Вылощенный, как натертый паркет, элегантно скользящий, немного сутулый, в пенсне, в сюртуке, — Александр Николаевич черной опрятно остриженною бородою и лысиной блещущей несся, глядя исподлобья глазами лучистыми, производя впечатленье красивого и темпераментного человека; не знал: мозг иль сердце диктуют ему плодотворную деятельность.

— «Субъективный капризник, — ворчали маститые. — Вся эрудиция — бьющий крылами в пыли воробей! „Пррх-пррх — Врубель“; „пррх-пррх — Луи-Каторз“;129 „пррх — ампир“».
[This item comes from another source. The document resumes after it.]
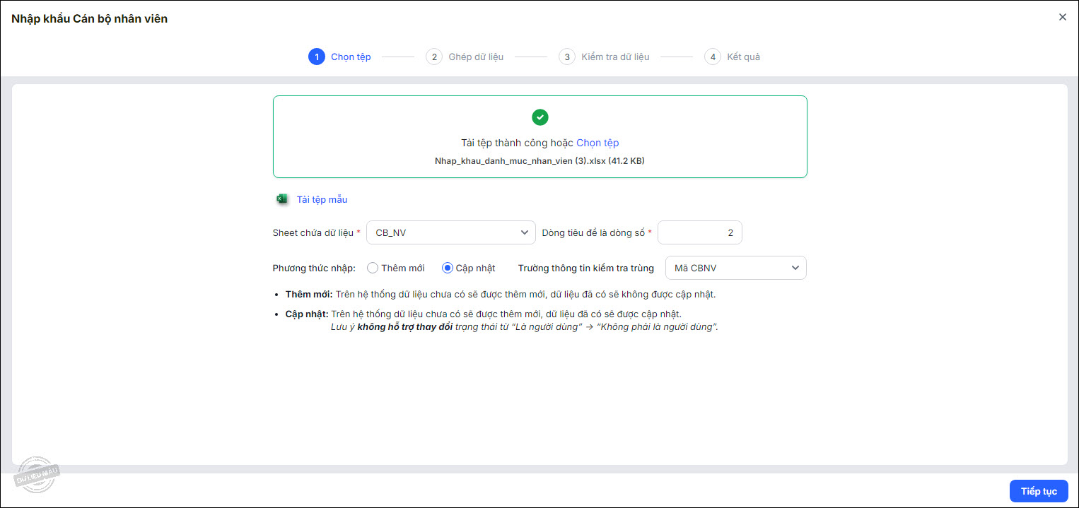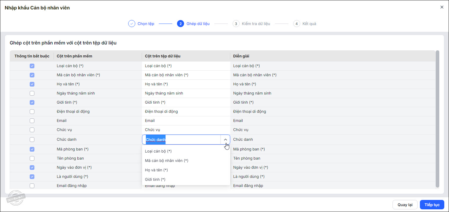 Lưu ý: Nếu ứng dụng lấy dữ liệu ở bước này khác với ứng dụng lấy dữ liệu ở bước 1, hệ thống sẽ để trống thông tin phòng ban của CBNV để anh/chị bổ sung sau.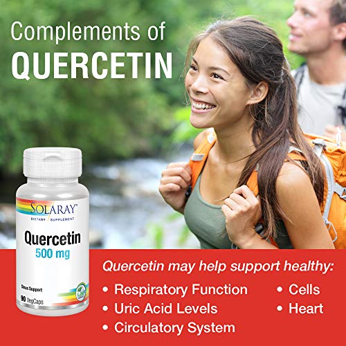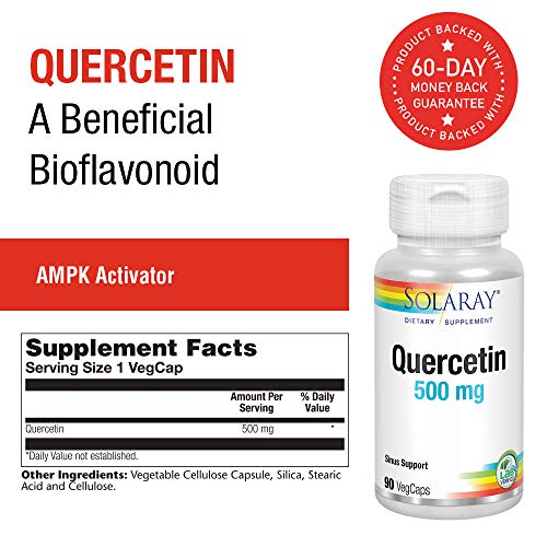 . Descripción del producto Quercetin: Bioflavonoids, Antioxidants, AMPK Activator Quercetin belongs to a family of compounds called bioflavonoids (responsible for the bright pigments in fruits and vegetables). At Solaray, we’re proud to offer a high-quality Quercetin supplement that may help provide numerous health benefits! Feel the difference of Solaray Quercetin 500mg! Bioflavonoids Quercetin belongs to a family of compounds called bioflavonoids that are responsible for the bright pigments in fruits and vegetables. Antioxidant Activity Quercetin has antioxidant properties and may help support healthy cells, heart, and circulatory system function. Uric Acid Support Considered an AMPK activator, this powerful compound may help maintain uric acid levels within a healthy range. Trusted Brand A brand you trust, Solaray Quercetin 500mg is manufactured in our own facility, non-GMO, vegan & lab verified to ensure quality. Leer más Why Quercetin? Quercetin belongs to a family of compounds called bioflavonoids (responsible for the bright pigments in fruits and vegetables). With antioxidant properties, Quercetin may also help provide nutritive support for healthy cells, heart, and circulatory system function. Furthermore, Quercetin may help provide nutritive support for healthy respiratory function by helping to support the modulation and release of histamine. Lastly, considered an AMPK activator, this powerful compound may help maintain uric acid levels within a healthy range – ideal support for those following a ketogenic diet or looking for joint health support. CellsHeartCirculatory SystemRespiratory FunctionUric Acid Support Why Solaray? In 1973, Solaray began to formulate herbal blends for specific health benefits. Over the years, Solaray pioneered many innovative products and has become a trusted full-line dietary supplement brand found in health food stores all around the world. True to our commitment to stay leading edge in powerful supplementation, we are proud to offer our Quercetin 500mg! Our vegan, non-GMO Quercetin supplement does not contain any artificial colors, flavors, or preservatives and is lab verified for identity, potency, and purity. Our quality is a difference that you can feel. Feel the difference of Solaray Quercetin 500mg! *These statements have not been evaluated by the FDA. This product is not intended to diagnose, treat, cure or prevent any disease. . .

— «Головной резонер, проповедующий мертвечину, — ворчали непризнанные, — его сдать бы в никчемные „Старые годы“: [Специальный журнал, посвященный истории культуры, искусств и коллекций130] старик молодящийся!»

Выглядел он моложаво, изящно мелькая своим силуэтом, похожим на черную сепию, — всюду: на выставках, лекциях и на премьерах балета; мелькнет и зацепится: мягко сутулясь широкой спиной; с кем-нибудь разговаривает с близоруким, чуть-чуть церемонным расклоном на вытянутой перед собою ноге; и естественным, легким движеньем скругленной руки, давши острую характеристику виденного, проскользнувши, исчезнет; с французским изяществом сжато бросал он итоги раздумий своих — парадоксами.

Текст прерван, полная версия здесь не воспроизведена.